Finstrom adds: “Actors do have the scripts in hand during rehearsals and during the performance so it’s easy for them to get new pages daily and they can handle the changes easily.”

Rudisill makes it clear, however, that “we don’t sit around on stools and read the play to the audience. We do limited blocking and have maybe a few elevations. What we’re presenting is a work in progress. Technically it’s more of a workshop-type production than it is a staged reading. We’re on the balance bars here so it’s a little dangerous and a lot of fun.”

There are also costumes under the wardrobe supervision of Peter Lovello. “Glamour Girl had to have at least one boa,” says Finstrom.

Forever a man of firsts, Finstrom has the first play in the series to feature a musical score. “Well, you can’t tell Jan’s story without music,” says the playwright. Shari Upbin is part of the creative team for Glamour Girl and is in charge of the musical staging.
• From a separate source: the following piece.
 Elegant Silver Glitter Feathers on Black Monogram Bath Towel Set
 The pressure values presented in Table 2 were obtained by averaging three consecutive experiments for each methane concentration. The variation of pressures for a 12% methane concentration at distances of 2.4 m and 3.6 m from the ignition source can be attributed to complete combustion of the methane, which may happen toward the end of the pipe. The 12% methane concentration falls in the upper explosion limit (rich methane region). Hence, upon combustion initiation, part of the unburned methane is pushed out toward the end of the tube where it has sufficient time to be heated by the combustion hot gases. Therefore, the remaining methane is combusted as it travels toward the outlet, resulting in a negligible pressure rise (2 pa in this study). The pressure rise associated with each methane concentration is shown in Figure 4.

Glamour Girl covers McArt’s early career when she appeared in opera, cabaret and musical theater, before she arrived in South Florida, and it features “songs of the time period,” says Finstrom, who adds that the songs are all older tunes that are in the public domain. Musical director Jon Randy Booth, who has a background as a Broadway conductor and conducting orchestras for national touring companies, has been “very helpful as far as the music is concerned,” says Rudisill. “He’s made sure that the words and the music all fit together to form the idea.”

While most people may not equate McArt with opera, she was a leading soprano with San Francisco Opera and NBC Opera and has starred in world premieres in New York. She made her symphony debut with Arthur Fielder and the Boston Pops and became a favorite guest performer with symphonies across the country. She made her New York debut in Mother of Us All, conducted by Virgil Thompson. She’s shared the stage with Leontyne Price, Joan Sutherland, Beverly Sills and other notable opera stars. Her virtuoso performance in La Boheme led to an invitation from Arturo Toscanini to dine at his home.
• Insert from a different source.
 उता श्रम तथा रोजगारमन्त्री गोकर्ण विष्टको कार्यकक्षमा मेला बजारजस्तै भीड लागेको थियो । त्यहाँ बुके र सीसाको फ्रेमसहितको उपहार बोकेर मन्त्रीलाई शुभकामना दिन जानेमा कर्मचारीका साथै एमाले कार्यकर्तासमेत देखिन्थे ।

“I thought it was more interesting to tell the story of Jan before she came to Florida. I wanted to do Funny Girl rather than Funny Lady,” he quips.
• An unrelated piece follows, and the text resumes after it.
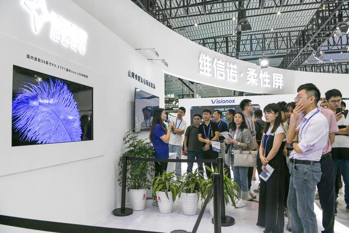 在“2023世界显示产业大会新型显示创新成果展”现场,观众在观看58英寸P0.5TFT基Micro-LED拼接屏(2023年9月7日摄)。新华社记者 唐文豪 摄

Amy Miller Brennan is playing the part of the young McArt; Michael McKeever plays multiple roles, including Jan’s late brother, Don, and Dan Kelley portrays Richard Rodgers, among other characters. The cast also includes Angie Radosh and Shane R. Tanner. McArt will play her contemporary self. “It really is an all-star cast,” says Finstrom.

And how will McArt feel when the curtain opens and her life becomes an open book? “Actually I don’t know how I feel about it. Tony has written things as he sees it – the highs and lows. That’s what art and drama is. I didn’t put any restrictions on it and we let it all hang out.” She pauses and takes a breath: “I guess I’ll know more on Monday.”

Glamour Girl! The Jan McArt Story by Tony Finstrom will be presented at 7:30 p.m. Monday, Jan. 13in the Keith C. and Elaine Johnson Wold Performing Arts Center, Lynn University, 3601 N. Military Trail, Boca Raton. Tickets are $10. For reservations, call (561) 237-9000 or go to http://events.Lynn.edu.

 The Jan McArt New Play Reading Series continues at the Wold with Desperation, a new comedy by Marj O’Neill-Butler on Feb. 3; Shooting Star: The Musical, with music and lyrics by Mildred Kayden and book by Ed Bullins on March 10; and an as yet unnamed new play about parenthood by Christopher Demos-Brown on April 28.